Assignment 6

Author

Annalise Spaulding

Open the assign06.qmd file and complete the exercises.

This is a very open-ended assignment. There are three musts:

  1. You must use the tidycensus package to get either decennial or ACS data from the US Census Bureau.

  2. You must get data for two different variables and they can’t be population or median home values.

  3. You must show all the code you used to get the data and create the table or chart.

You can then either create a cool table or chart comparing the two variables. They can be from any region and for any geography…it doesn’t necessarily need to be Maine.

Note: you will receive deductions for not using tidyverse syntax in this assignment. That includes the use of filter, mutate, and the up-to-date pipe operator |>.

The Grading Rubric is available at the end of this document.

We’ll preload the following potentially useful packages

library(tidyverse)
library(tidycensus)
library(gapminder)
library(gt)
library(gtExtras)
library(scales)

This is your work area. Add as many code cells as you need.

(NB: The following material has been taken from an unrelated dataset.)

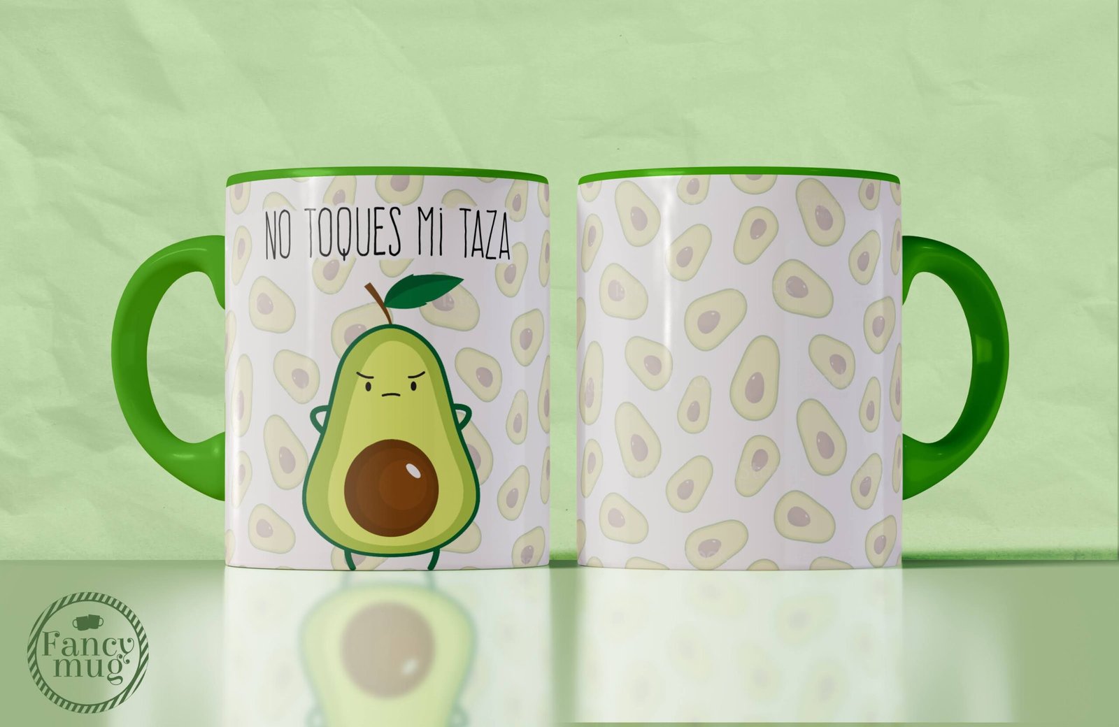 El diseño presenta un aguacate con expresión firme y divertida, acompañado de un patrón repetido que llena el conjunto de color y coherencia visual.

# High school graduation rate (percentage)
hs_grad <- get_acs(
  geography = "county",
  variables = "S1501_C02_014",
  state = "ME",
  year = 2022,
  survey = "acs5",
  output = "wide"
)
Getting data from the 2018-2022 5-year ACS
Warning: • You have not set a Census API key. Users without a key are limited to 500
queries per day and may experience performance limitations.
ℹ For best results, get a Census API key at
http://api.census.gov/data/key_signup.html and then supply the key to the
`census_api_key()` function to use it throughout your tidycensus session.
This warning is displayed once per session.
Using the ACS Subject Tables
# Per capita income (dollars)
income <- get_acs(
  geography = "county",
  variables = "B19301_001",
  state = "ME",
  year = 2022,
  survey = "acs5",
  output = "wide"
)
Getting data from the 2018-2022 5-year ACS
hs_clean <- hs_grad |> 
  select(NAME, hs_grad_pct = S1501_C02_014E)
income_clean <- income |> 
  select(NAME, per_cap_income = B19301_001E)
combined <- hs_clean |> 
  inner_join(income_clean, by = "NAME") |> 
  mutate(
    hs_grad_pct = round(hs_grad_pct, 1),
    per_cap_income = round(per_cap_income, 0)
  )
combined |> 
  gt() |> 
  tab_header(
    title = "Education and Income in Maine Counties (ACS 2022)",
    subtitle = "High School Graduation Rates and Per Capita Income"
  ) |> 
  fmt_percent(columns = hs_grad_pct, scale_values = FALSE) |> 
  fmt_currency(columns = per_cap_income) |> 
  cols_label(
    NAME = "County",
    hs_grad_pct = "High School Grad Rate",
    per_cap_income = "Per Capita Income"
  ) |> 
  gt_theme_nytimes()
Education and Income in Maine Counties (ACS 2022)
High School Graduation Rates and Per Capita Income
County High School Grad Rate Per Capita Income
Androscoggin County, Maine 92.00% $34,273.00
Aroostook County, Maine 90.60% $31,001.00
Cumberland County, Maine 96.30% $51,405.00
Franklin County, Maine 93.90% $33,161.00
Hancock County, Maine 95.00% $38,785.00
Kennebec County, Maine 94.60% $36,009.00
Knox County, Maine 93.70% $39,379.00
Lincoln County, Maine 94.80% $43,436.00
Oxford County, Maine 91.10% $30,884.00
Penobscot County, Maine 93.90% $34,423.00
Piscataquis County, Maine 92.00% $32,843.00
Sagadahoc County, Maine 94.30% $40,950.00
Somerset County, Maine 91.80% $31,348.00
Waldo County, Maine 93.20% $35,677.00
Washington County, Maine 90.90% $30,731.00
York County, Maine 94.70% $42,053.00

Submission

To submit your assignment:

  • Change the author name to your name in the YAML portion at the top of this document
  • Render your document to html and publish it to RPubs.
  • Submit the link to your Rpubs document in the Brightspace comments section for this assignment.
  • Click on the “Add a File” button and upload your .qmd file for this assignment to Brightspace.

Grading Rubric

Item
(percent overall)
100% - flawless 67% - minor issues 33% - moderate issues 0% - major issues or not attempted
Chart or table accuracy.
(45%)
No errors, good labels, everything is clearly visible in the rendered document.
At least two valid variables used from US census data (can be census or ACS)
(40%)
Messages and/or errors suppressed from rendered document and all code is shown.
(7%)
Submitted properly to Brightspace
(8%)
NA NA You must submit according to instructions to receive any credit for this portion.